• _YOUR ASSIGNMENT_
Repeat the whole listing below precisely. Omit all pictures.

• _DATA EXCERPT_
______________________________
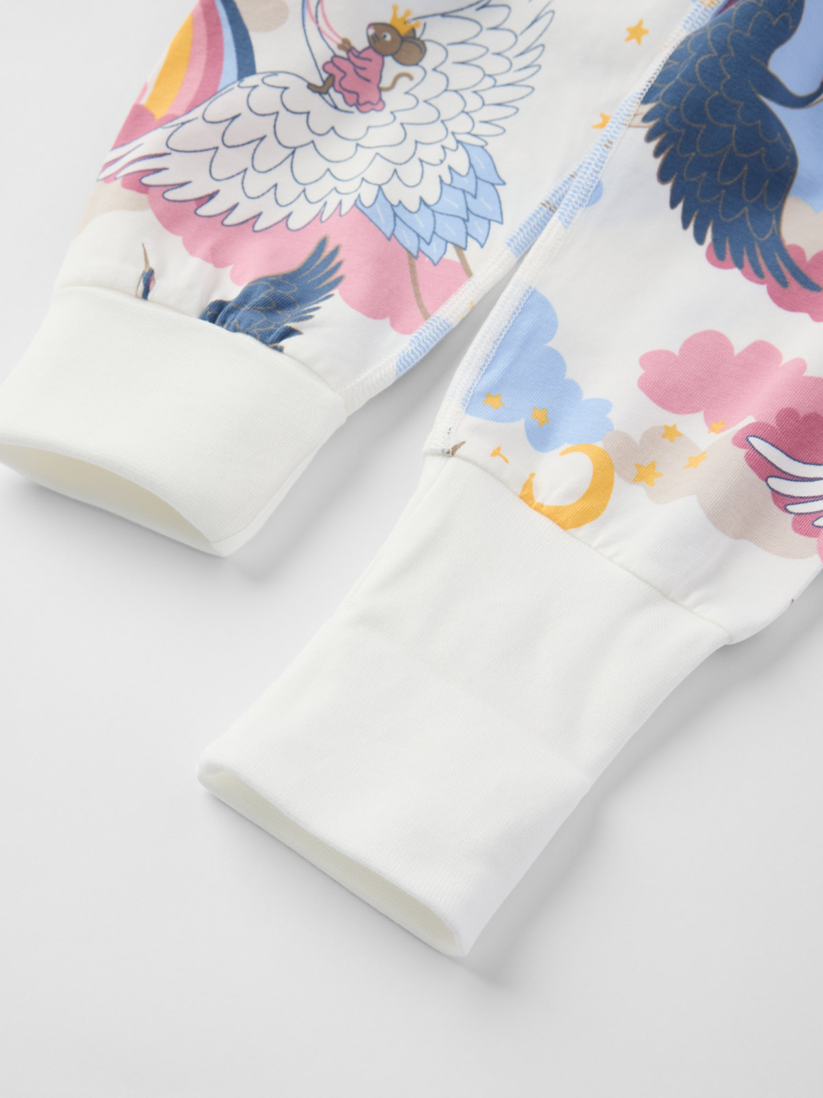 Todelt pyjamas i myk økologisk bomull. Overdelen har ekstra lang vrangbord nederst på ermene, som kan brettes opp eller ned. Buksen har elastisk midje og ekstra lang vrangbord nederst på bena.
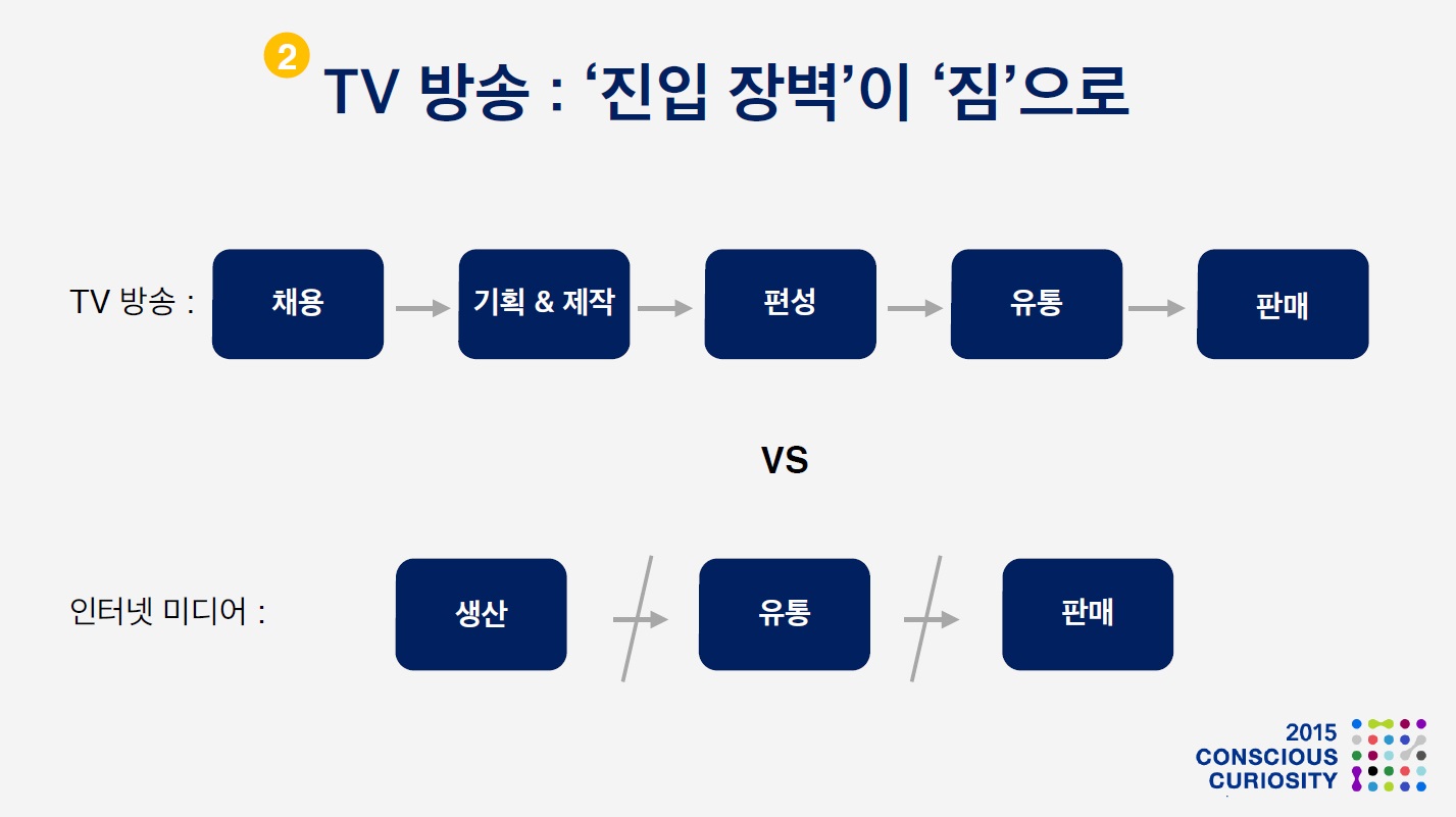 하지만 최근의 인터넷 미디어들은 생산, 유통, 판매가 전부 분절되어 있어 시장 진입이 자유로워졌고 변화에 훨씬 기민하게 대응하게 되었습니다.
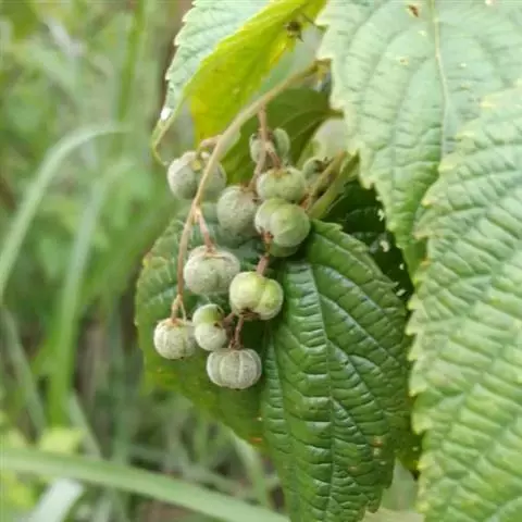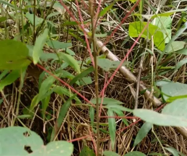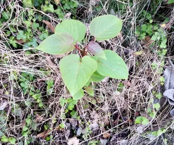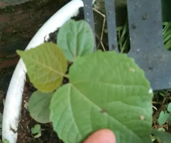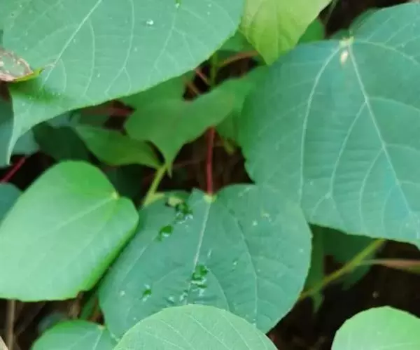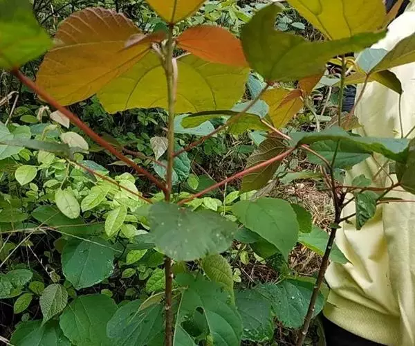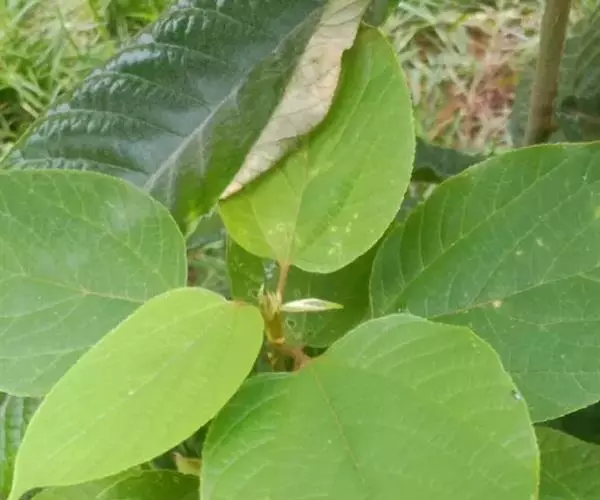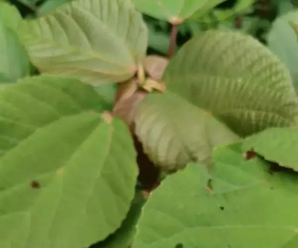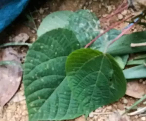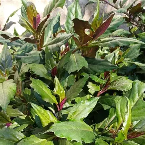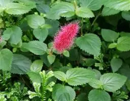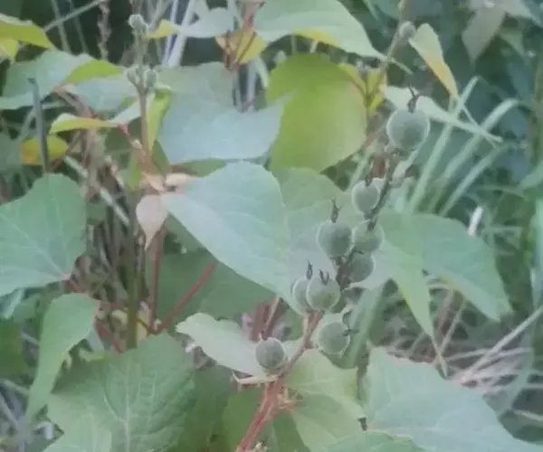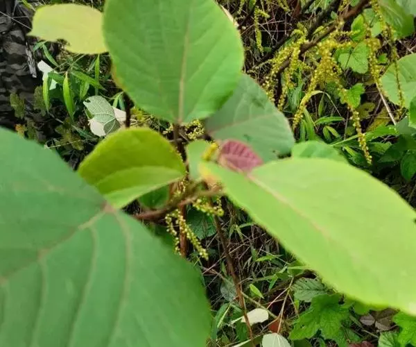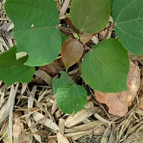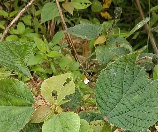 灌木,高1-2米;小枝被灰色微柔毛,后变无毛。叶薄纸质,阔卵形,长8-15厘米,宽7-13厘米,顶端急尖或渐尖,基部浅心形或近截平,边缘疏生具腺小齿,上面无毛,下面浅红色,仅沿脉被微柔毛,基部具斑状腺体4个;基出脉3条;小托叶披针形,长2-3.5毫米;叶柄长7-12厘米;托叶钻状,长3-5毫米,具毛,凋落。雌雄异株,雄花序穗状,腋生或生于一年生小枝已落叶腋部,长7-15厘米,具微柔毛,苞片三角形,长约1毫米,雄花(3-5) 11-15朵簇生于苞腋;花梗长约2毫米,无毛,中部具关节;雌花序总状,顶生,长5-6厘米,具花5-12朵,各部均被微柔毛,苞片狭三角形,长约4毫米,基部具腺体2个,小苞片披针形,长约3毫米;花梗长1毫米;雄花:花萼花蕾时球形,无毛,直径1.5毫米,萼片4枚,长圆形;雄蕊(7-)8枚;雌花:萼片5 (-6)枚,披针形,长3-4毫米,被短柔毛,其中1枚的基部具1个腺体;子房球形,被短绒毛,花柱3枚,线状,长12-15毫米,合生部分长不及1毫米。蒴果球形,具3圆棱,直径8-10毫米,果皮平坦,被微柔毛;种子扁卵状,长6毫米,种皮浅褐色,具瘤体。花期3-5月,果期6-8月。
______________________________
• _SOLUTION TO THIS PROBLEM_
 Todelt pyjamas i myk økologisk bomull. Overdelen har ekstra lang vrangbord nederst på ermene, som kan brettes opp eller ned. Buksen har elastisk midje og ekstra lang vrangbord nederst på bena.
 하지만 최근의 인터넷 미디어들은 생산, 유통, 판매가 전부 분절되어 있어 시장 진입이 자유로워졌고 변화에 훨씬 기민하게 대응하게 되었습니다.
 灌木,高1-2米;小枝被灰色微柔毛,后变无毛。叶薄纸质,阔卵形,长8-15厘米,宽7-13厘米,顶端急尖或渐尖,基部浅心形或近截平,边缘疏生具腺小齿,上面无毛,下面浅红色,仅沿脉被微柔毛,基部具斑状腺体4个;基出脉3条;小托叶披针形,长2-3.5毫米;叶柄长7-12厘米;托叶钻状,长3-5毫米,具毛,凋落。雌雄异株,雄花序穗状,腋生或生于一年生小枝已落叶腋部,长7-15厘米,具微柔毛,苞片三角形,长约1毫米,雄花(3-5) 11-15朵簇生于苞腋;花梗长约2毫米,无毛,中部具关节;雌花序总状,顶生,长5-6厘米,具花5-12朵,各部均被微柔毛,苞片狭三角形,长约4毫米,基部具腺体2个,小苞片披针形,长约3毫米;花梗长1毫米;雄花:花萼花蕾时球形,无毛,直径1.5毫米,萼片4枚,长圆形;雄蕊(7-)8枚;雌花:萼片5 (-6)枚,披针形,长3-4毫米,被短柔毛,其中1枚的基部具1个腺体;子房球形,被短绒毛,花柱3枚,线状,长12-15毫米,合生部分长不及1毫米。蒴果球形,具3圆棱,直径8-10毫米,果皮平坦,被微柔毛;种子扁卵状,长6毫米,种皮浅褐色,具瘤体。花期3-5月,果期6-8月。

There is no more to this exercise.